• **DIRECTIONS**
Transcribe all of the records word for word, but omit the pictures.

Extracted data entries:
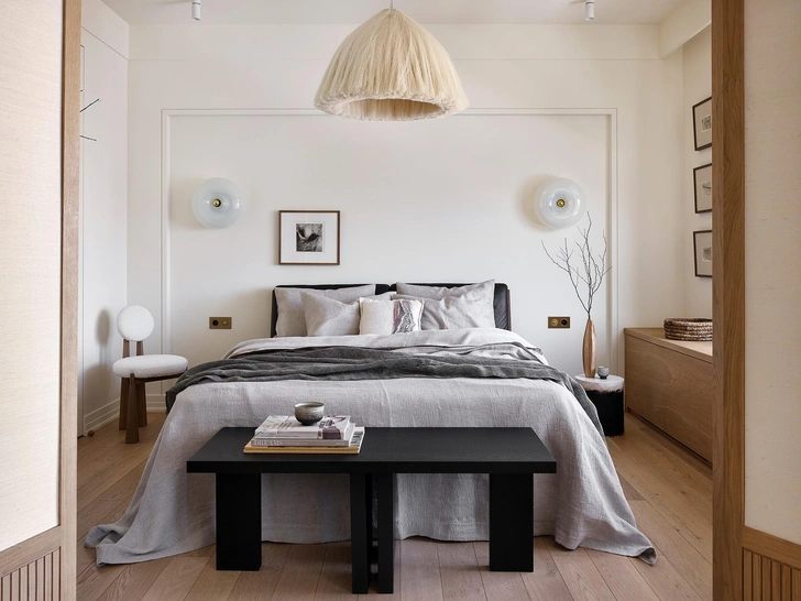 Скамья, дизайн Юлии Шакун и Марины Польской. Над кроватью — графика Николая Власова. Бра, винтаж, Unique Piece Gallery. Стул, Modenature. Тумбы, Savour Design.
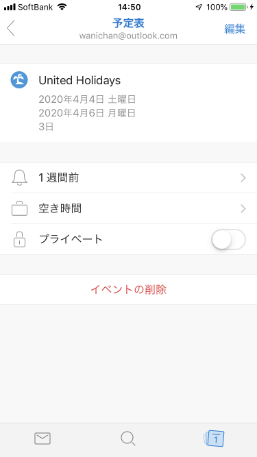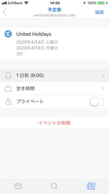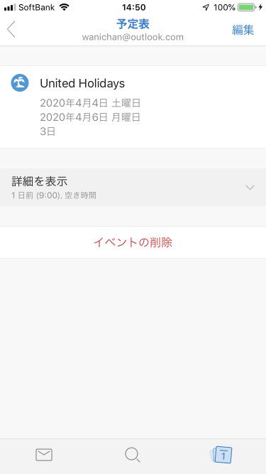 ※執筆環境:Outlook for iPhone バージョン 4.3.1
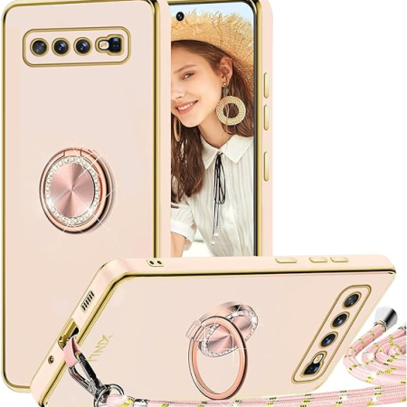 Dodaj do koszykaLPNHE912879335 – Etui telewizyjny do telefonu Samsung Galaxy S10 Plus z uchwytem na sznur i 360-stopniowym pierścieniem, pokrowiec antyshock z miękkiego silikonu TPU, etui ochronne z amortyzującym paskiem na szyję, różowe – C890
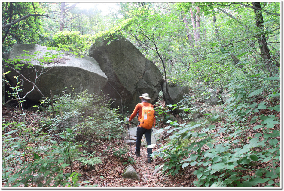▼ 책바위를 넘어 이제 부터는 별로 어려움이 없는 암릉으로 하산하여 계곡으로 접어들면 된다.
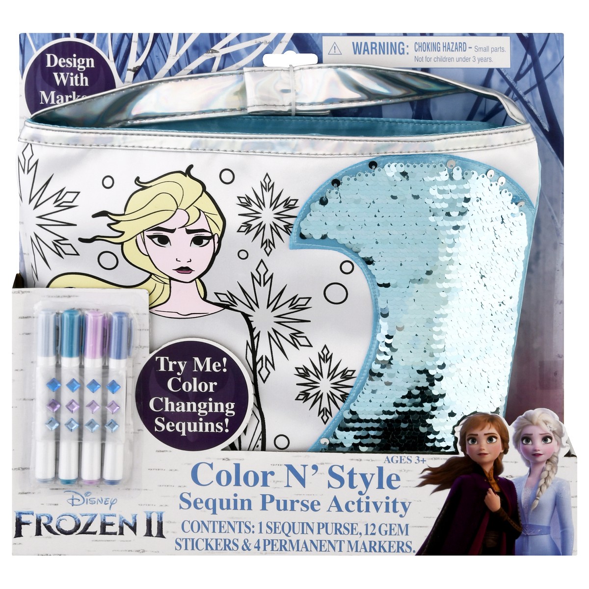 Color your very own Frozen 2 purse with colorful permanent markers and design with gem stickers. Purse features color changing sequins! Simply move sequins up or down to create a different look. Inclu…

• **SOLUTION TO THE PROBLEM**
 Скамья, дизайн Юлии Шакун и Марины Польской. Над кроватью — графика Николая Власова. Бра, винтаж, Unique Piece Gallery. Стул, Modenature. Тумбы, Savour Design.
 ※執筆環境:Outlook for iPhone バージョン 4.3.1
 Dodaj do koszykaLPNHE912879335 – Etui telewizyjny do telefonu Samsung Galaxy S10 Plus z uchwytem na sznur i 360-stopniowym pierścieniem, pokrowiec antyshock z miękkiego silikonu TPU, etui ochronne z amortyzującym paskiem na szyję, różowe – C890
▼ 책바위를 넘어 이제 부터는 별로 어려움이 없는 암릉으로 하산하여 계곡으로 접어들면 된다.
 Color your very own Frozen 2 purse with colorful permanent markers and design with gem stickers. Purse features color changing sequins! Simply move sequins up or down to create a different look. Inclu…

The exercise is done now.